Иногда (нечасто и неохотно) появлялся он на эстраде – на литературных вечерах (в пользу раненых или беженцев), собиравших большую аудиторию то в Городской думе, то в Доме Армии и Флота, то в Тенишевском зале
Как заметил один из слушавших его, выступал он всегда «не в лад с другими», да и встречали его не как других. Его, действительно,
Было в этой нараставшей славе немало наносного, вульгарного. Намазанные девочки на Невском, в кошачьих горжетках под горностай, приставали к прохожим: «Я – незнаукомка. Разрешите познаукомиться, я покажу вам очарованную даль.», «Мы – две незнакомки… Хотите, мы устроим вам электрический сон наяву?..» Вертинский, в балахоне Пьеро, с густо замелованным лицом, томно мяукал: «В голубой далекой спаленке твой ребенок опочил…» (С горечью говорил Блок В.И.Качалову: «Если бы все понимали меня так, как вы понимаете, не было бы песенок Вертинского на слова Блока».) В иллюзионах «Паризиана», «Пикадилли», «Сплендид-палас» показывали душераздирающую мелодраму «Не подходите к ней с вопросами…», в заглавии которой, без позволения и ведома Блока, было грубо опошлено одно из самых трагических его стихотворений, а также – сюжеты и мотивы еще некоторых других.

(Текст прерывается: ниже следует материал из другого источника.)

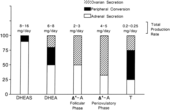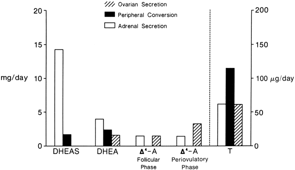 DHEAS, dehydroepiandrosterone sulfate; DHEA, dehydroepiandrosterone; Δ4-A, androstenedione; Δ5-A diol, androstenediol; T, testosterone; DHT, dihydrotestosterone. The main pathways of androgen metabolism and the required enzymes are depicted in Figure 1. The major sites that are involved in metabolism are the C-17, C-3, and C-5 positions of the steroid, and these are the same sites that determine androgenic activity.2 These pathways are present in the adrenals, ovaries, and peripheral tissues. The conversion of DHEA to Δ4-A or Δ5 - A-diol to T requires the 3β-hydroxy-Δ5 - steroid dehydrogenase enzyme systems (3β-HSD/KSI), which convert the unsaturated bond from the C-5,6 position to the C-4,5 position and oxidizes the 3β-hydroxy group to a 3-keto group. Recent studies have shown that there are a number of isoforms of this enzyme with tissue specificity. They belong to the family of short-chain dehydrogenase/reductase family.3 The interconversion of the 17-keto and the 17β-hydroxyl (OH) complex is accomplished by the 17β-hydroxysteroid dehydrogenase enzyme. There are at least five isoenzymes that are cell and substrate specific.4 Some of the isoenzymes convert 17-keto steroids to 17β-OH steroids in the ovary or testes. Because the 17β-OH group is essential for binding to the intracellular receptor protein, the addition of a hydrogen atom at C-17 significantly increases biologic potency. For example, the conversion of Δ4-A to T by this enzyme increases androgenicity some sevenfold to 10-fold. The introduction of a hydrogen atom in the alpha plane at C-5 of T through the action of the 5α—reductase increases the expression of androgenicity in most tissues since the dissociation rate of DHT is much less than that of T from the intracellular androgen receptor. Thus, even though it is present at a lower concentration, DHT will be bound to a greater extent than T.5 It should also be noted that the conversion of T to DHT is essentially unidirectional. Δ4-A and T can also be converted to 5β-androgens, by a 5β-reductase, but this is a less important pathway and probably is active only in splanchnic tissue in mammals but is more widespread and important in avian species.6 It should be noted that the 5β-reduced androgens can also be converted to 3α- or 3β-hydroxy compounds by the action of the appropriate 3-steroid dehydrogenase. Because of the configuration of the 5β-reduced compounds, they bind poorly to the receptor and have minimal activity. Through the action of 3α- or 3β-hydroxy steroid dehydrogenase, DHT is reversibly converted to 5α-androstane, 3α, 17β-diol or 5α-androstane-3β, 17β-diol. The 3α-hydroxysteroid is a member of the aldo-keto reductase superfamily (AKR), of which there are several isoforms.7 3α-diol has significant androgenic activity in certain tissues, but the activity of the 3β-diol is uncertain.8 The sources and amounts of the androgens produced daily are shown in Figures 2 and 3. DHEAS is almost exclusively adrenal in origin, but only 50% of DHEA is secreted by the adrenals.1 DHEAS and DHEA plasma levels are age dependent, being low in early childhood and rising between 6 and 8 years of age to plateau in late puberty.9,10 Δ5-A-diol has androgenic activity, but because of its ability to bind to the estrogen receptor, it has estrogenic activities as well. However, other than being a precursor of testosterone, its biologic significance is uncertain. Its production rate has been reported as 1 mg/day in young women.11 Δ4-A is an important androgen in women because of its biopotentiality as a prehormone through its conversion to T or estrone (E)in peripheral tissues. Circulating Δ4-A arises about equally from the adrenal and ovary with only a small amount arising from precursor conversion in nonglandular tissue (see Figs. 2 and 3).1 There is a slight increase in the concentration of Δ4-A in midcycle. Plasma Δ4-A exhibits a diurnal change synchronous with cortisol, although the magnitude of the swing throughout the day is much less than that of cortisol or DHEA because of the significant ovarian source that does not exhibit a diurnal rhythm.12 In normal women, approximately 25% of circulating T is derived from the adrenals and 25% from the ovaries. The other 50% arises from the peripheral conversion of precursors, primarily Δ4-A, with a small amount from DHEA (see Figs. 2 and 3). It should be noted that although the liver contains abundant 17β-hydroxysteroid dehydrogenase, it is a source of minimal amounts of circulating T, for reasons discussed below. Neither the adrenal nor the ovary secretes DHT, and circulating DHT arises from the peripheral conversion of precursor steroids. In women, the major source of DHT is circulating Δ4-A, but T contributes a small amount.13,14 The liver is also not a source for circulating DHT.15 The adrenal secretion of DHEA and Δ4-A is under the control of adrenocorticotropic hormone (ACTH), but whether ACTH also stimulates the secretion of DHEAS is uncertain.1 Administered as a pulse or an infusion, ACTH causes a threefold rise in DHEA and a twofold to threefold increase in Δ4-A, but the increase in T is smaller and may be because of the peripheral conversion of the increased amounts of precursors. Prolactin receptors have been shown on adrenal cells, and women with hyperprolactinemia may have elevated androgen levels16; but it is not clear whether prolactin plays a role in normal adrenal androgen secretion. The marked increase in the secretion of DHEAS at puberty has raised the question about an additional adrenal androgen-stimulating hormone, since neither ACTH nor cortisol increases then. A pituitary polypeptide, different from ACTH and prolactin, has been suggested as stimulating adrenal androgen secretion,17 but whether such a polypeptide exists remains conjectural. The ovarian cellular elements that produce androgens include the stroma, theca, and corpus luteum cells.18 A and T are obligatory intermediat
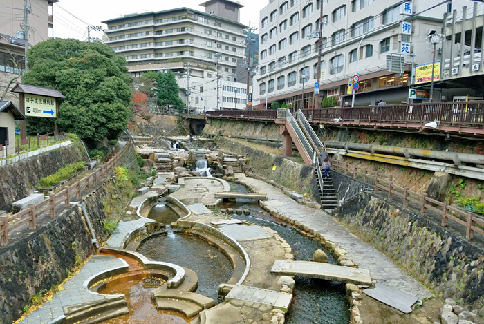 图片中青蛙所站的地方是当地的温泉街旁的河道,值得一提的是,有马温泉街周边大大小小的温泉口非常多,而且各具特色,譬如对治疗神经痛有疗效的金之汤、对肠胃病效果卓著的银之汤,以及对皮肤瘢痕有修复奇效的太阁之汤等。公共的温泉浴场旁,往往还提供免费的足汤可泡。
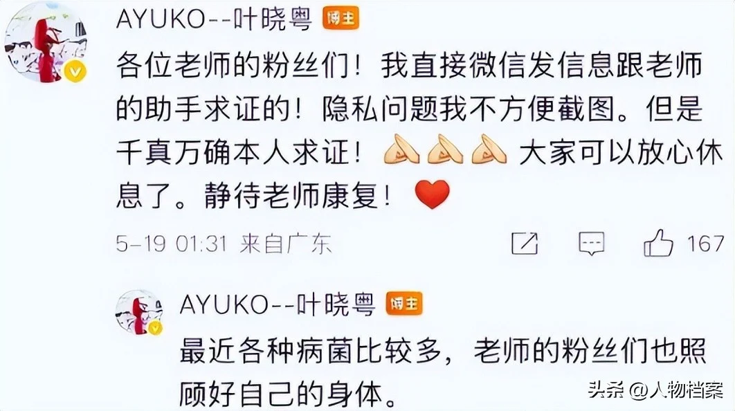 就在大家忧心忡忡、四处求证的时候,最先站出来辟谣的是叶晓粤。

Однако все больше встречалось людей, которые прочитали у Блока другое, понимали действительное его значение, видели, что силой дарования и глубиной раздумий он превосходит всех современных поэтов и встал вровень с великими лириками прошлого. Для них он давно перестал быть «декадентом», а стал просто русским поэтом.

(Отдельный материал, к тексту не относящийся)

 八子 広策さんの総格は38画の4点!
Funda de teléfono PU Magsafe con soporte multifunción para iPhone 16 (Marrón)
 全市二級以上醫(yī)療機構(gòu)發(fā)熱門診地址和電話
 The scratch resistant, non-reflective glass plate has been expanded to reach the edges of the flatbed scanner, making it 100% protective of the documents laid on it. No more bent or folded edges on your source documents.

Вот как потом сказал об этом Николай Асеев, – сказал от лица своего поколения, пережившего 1905 год и все, что за ним последовало: «Поколение услышало давно неслышанный чистый человеческий голос, полный бурных страстей, великой любви, огневого гнева ко всему мертвому, внешнему, условному, пустому».
Люди этого поколения верили Блоку, узнавали в его стихах свою боль, свою тревогу, свою надежду, иные – ждали от него подвига.